Data analysis helps businesses make better decisions using mathematical techniques and Artificial Intelligence (AI) tools to extract and transform data into actionable information that improves overall business operations. Data analysis is a critical component of business intelligence and plays a crucial role in making data-driven decisions.

What is data analysis?

Data Analysis involves collecting raw data that is cleaned, transformed, and analyzed to find patterns or other insights to draw accurate conclusions and improve decision-making. Data analysis tools and techniques are used to find answers in raw data not readily apparent without going through the data analysis process.

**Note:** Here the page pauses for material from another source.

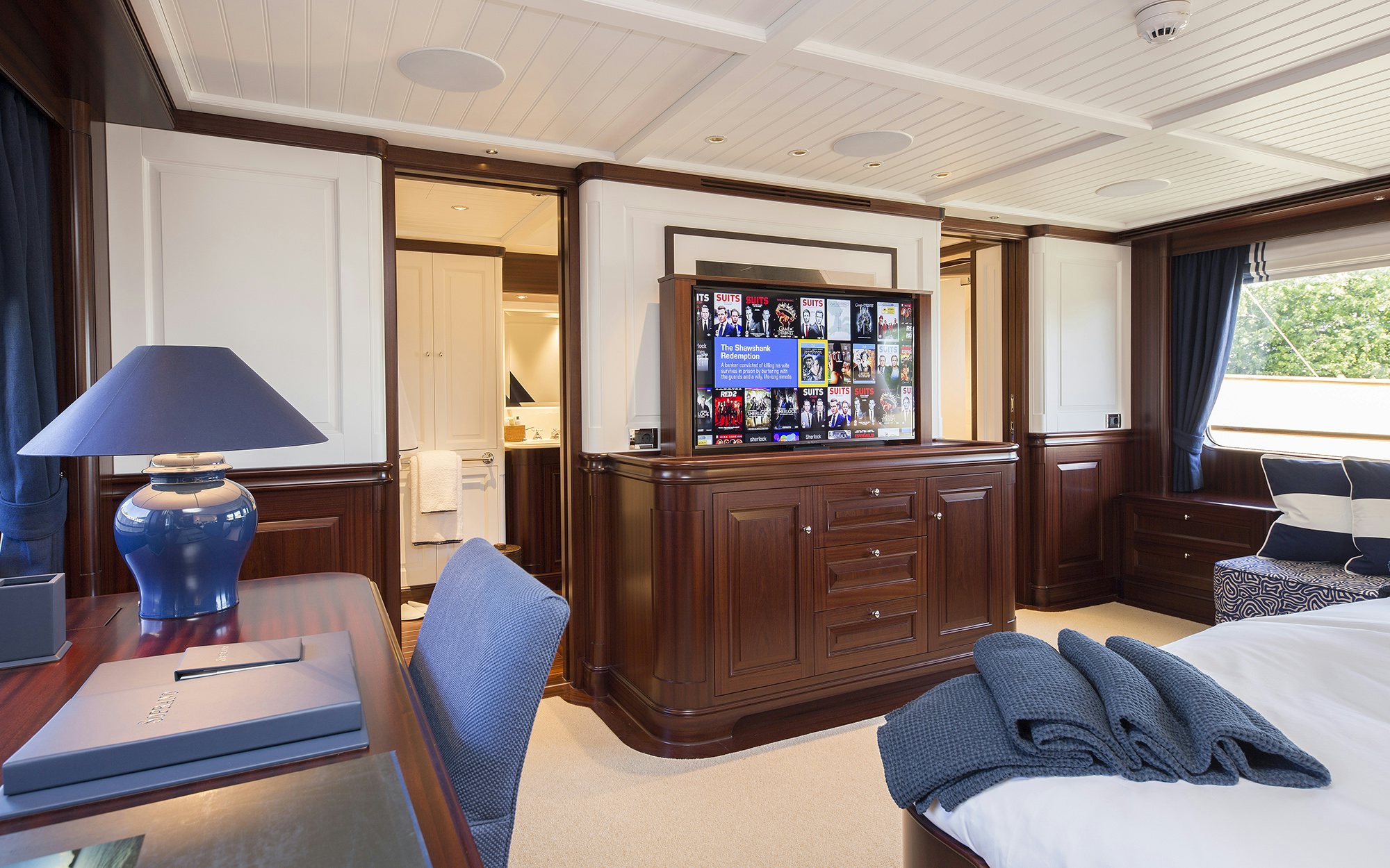 SOPRANO offers four sumptuous staterooms allowing her to accommodate up to nine guests in supreme comfort. The yacht features a full-beam master suite on the main deck that’s fitted with a king-sized bed and an en-suite bathroom with rain shower. The yacht’s VIP stateroom and two twin guest staterooms, one with a Pullman bunk, are situated on the lower deck and have en-suite facilities as well as private safes. The motor yacht has an excellent separation between guests and crew to provide the utmost privacy to guests aboard.

What is the data analysis process?

Before actionable information is derived from raw data, the raw data must go through a multi-step process to become meaningful. The multi-step process to convert raw data is as follows:

1. Identify the issue or situation and ask questions

The first step is to ask questions about a specific objective and what the business wants to accomplish. This question is crucial because it can skew the remaining steps in the data analysis process if it doesn’t address the particular objective. Therefore, individuals involved must clearly understand the problem or situation to formulate a question.

2. Prepare and collect data

The data that is collected and prepared is relevant to the objective identified. Collection methods are surveys, interviews, observations, or extracting data from a data source such as a database, spreadsheet, or text file. The data collected can also be qualitative (non-numerical) or quantitative (numerical). Hence, the data collection method chosen needs to be able to address the objective you are trying to accomplish.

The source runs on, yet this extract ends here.